Though hardly as definitive a musician as Hawkins, Beckett is the essential keyboardist; hardly noticeable in a full arrangement, though it would limp without him. David Hood, too, like rhythm guitarist Jimmy Johnson, plays perhaps only half the measured time (unlike the colossi Jerry Jemott and Chuck Rainey). Yet it's precisely this restraint, this seeming transparency, that suggests why these musicians produce so clean and relaxed a sound, tight but loose, devastating but delicate (the Allman Brothers, for example, fail to swing in direct proportion to the efforts of their rhythm section; compare bassist Lamar Williams's unnecessary verbosity with Hood's remarkable understatement).
Hawkins and Beckett's production for Linhart carries on the sound forged by Wexler and Dowd in New York and Muscle Shoals: a seemingly square, lolling band whose colors look blurred but rich, like a Southern glade after a shower (even Willie Mitchell's Memphis version seems a slight caricature in its accentuated square truck). The "lolling," like the "square," is of course an illusion, for the music's unprecedentedly crisp and swinging.

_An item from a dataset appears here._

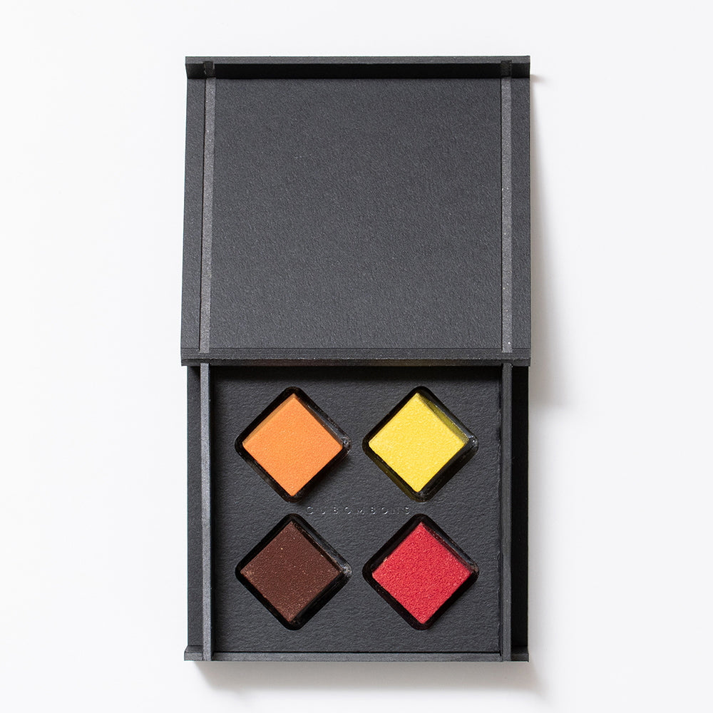 ■果実の美味しさを閉じ込めた、キューブ型のボンボンショコラ4種セット。バナナとパッションフルーツ、リンゴとシナモン、柚子、ラズベリーとバジルなど、他にはないユニークなフレーバーです。 口どけなめらかなフルーツのガナッシュと、チョコレートの奥深い味わいをお楽しみいただけます。 洗練されたデザインは、大切な方への贈り物や、ご自分へのご褒美にもぴったりです。
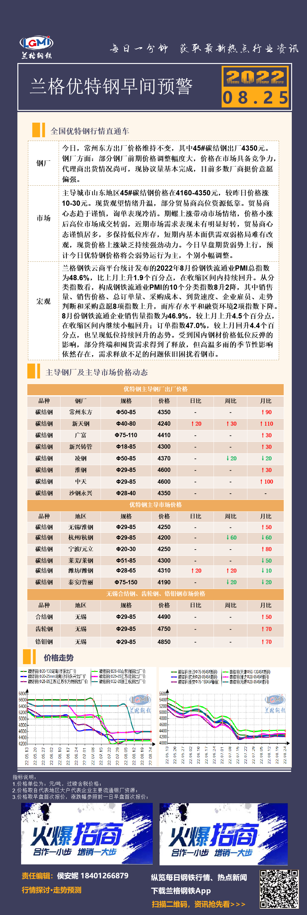 8月25日(9:30)兰格优特钢早间预警

Buzzy himself is more tolerable than ever before, though his singing often makes you wonder why your struggling friends aren't playing Max's this weekend. The tunes are melodically pleasant, often satisfying (Buzzy's redone his biggest hit, "Friends," on the album); satisfying, that is, if you can forget English long enough to let the lyrics pass you by (David Crosby looks like a cynic in comparison). But Buzzy's solos on vibes, few as they are here, display his one admirable skill as a performer. Though inclined to repetition, the solos are lyrically terse and dramatic (whether on a stomper like "The Greatest Person I Know" or the quasi-bossa nova groove of the title tune). Buzzy's singing is similarly lucid in its intentions (his sense of phrasing is solid, at times almost inspired), but the bridge to execution rattles over a mean abyss.
The explicit musical moods vary impressively. The pumping Muscle Shoals sound most memorable behind Aretha frames "Shoo That Fly," "You Don't Have to Tell Me Goodbye" and "Tell Me I've Been Trying"; complete with belching baritone and stabbing but discreet brass. Pete Carr's relaxed guitar moves a slow blues ("A Tear Outweighs a Smile") and Buzzy's vibes lay a cool middle on the ballads, folk-rock ("If You Can't Join 'em, Beat 'em") and jazz ("See You Again").